** Opening MATERIAL SUPPLIED block **

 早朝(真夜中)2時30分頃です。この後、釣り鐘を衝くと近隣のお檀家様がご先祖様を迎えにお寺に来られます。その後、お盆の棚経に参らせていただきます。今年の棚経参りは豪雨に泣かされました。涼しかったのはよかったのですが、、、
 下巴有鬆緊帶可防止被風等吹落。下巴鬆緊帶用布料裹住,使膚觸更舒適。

** Closing MATERIAL SUPPLIED block **
** Opening MATERIAL SUPPLIED block **

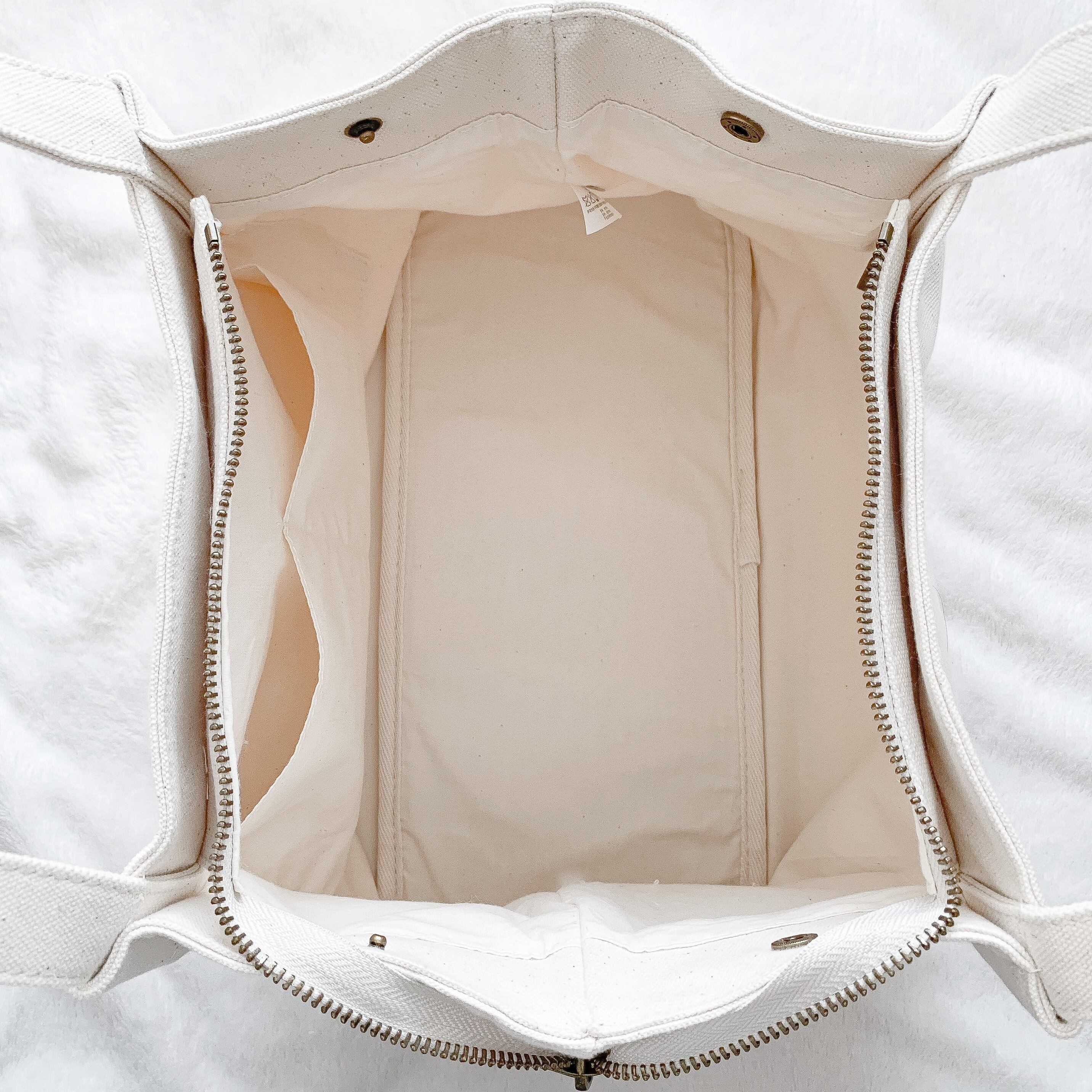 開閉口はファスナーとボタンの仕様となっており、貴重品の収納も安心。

** Closing MATERIAL SUPPLIED block **
** Opening MATERIAL SUPPLIED block **

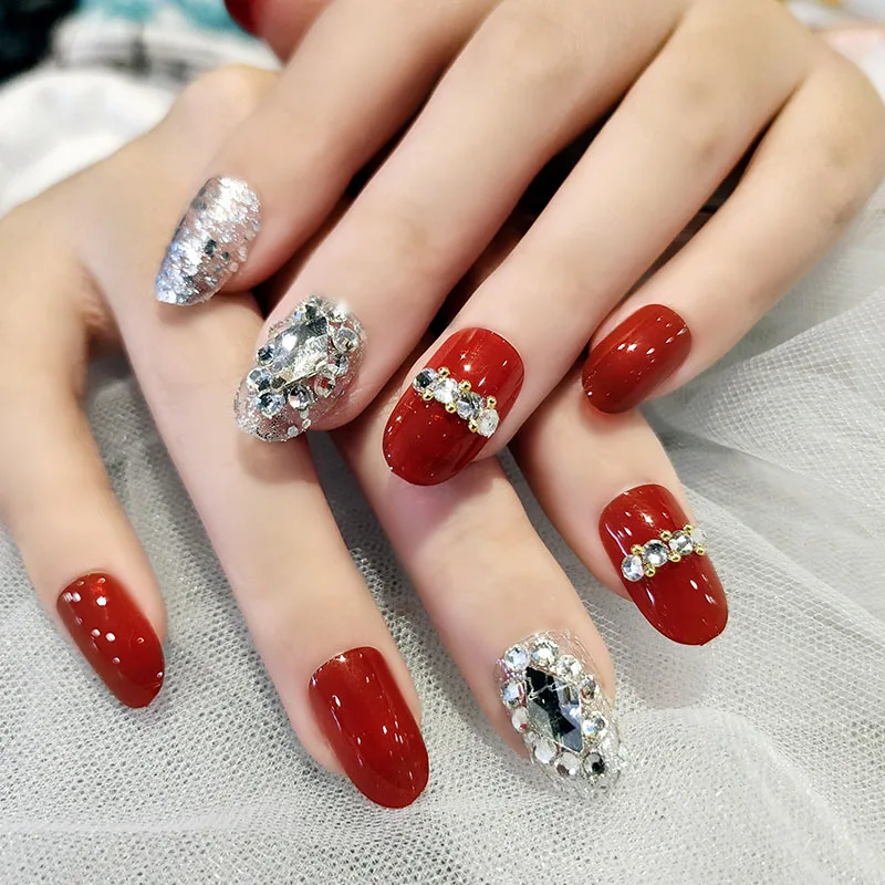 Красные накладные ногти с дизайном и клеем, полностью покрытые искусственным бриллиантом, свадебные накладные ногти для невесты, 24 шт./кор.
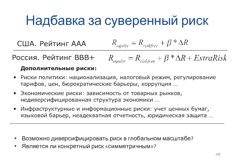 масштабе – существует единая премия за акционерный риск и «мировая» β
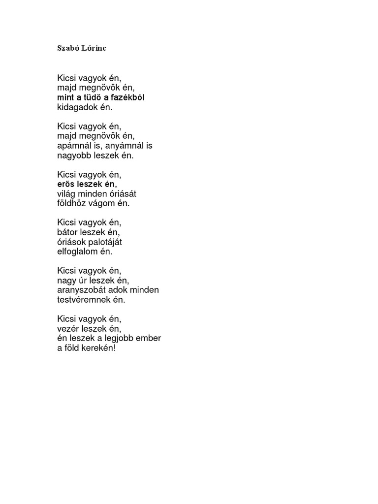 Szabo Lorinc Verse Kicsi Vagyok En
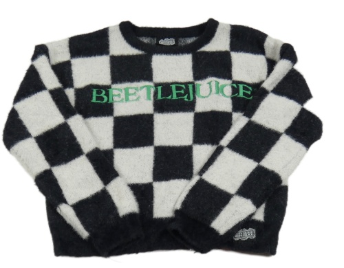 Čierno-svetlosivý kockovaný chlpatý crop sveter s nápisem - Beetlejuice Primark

** Closing MATERIAL SUPPLIED block **

### EXERCISE DESCRIPTION
Precisely those lines above that run from the line with "Красные накладные ногти" up to and including the line with "Čierno-svetlosivý kockovaný chlpatý" are to be set down, with the pictures omitted.

### OUTPUT FOR THIS EXERCISE
 Красные накладные ногти с дизайном и клеем, полностью покрытые искусственным бриллиантом, свадебные накладные ногти для невесты, 24 шт./кор.
 масштабе – существует единая премия за акционерный риск и «мировая» β
 Szabo Lorinc Verse Kicsi Vagyok En
 Čierno-svetlosivý kockovaný chlpatý crop sveter s nápisem - Beetlejuice Primark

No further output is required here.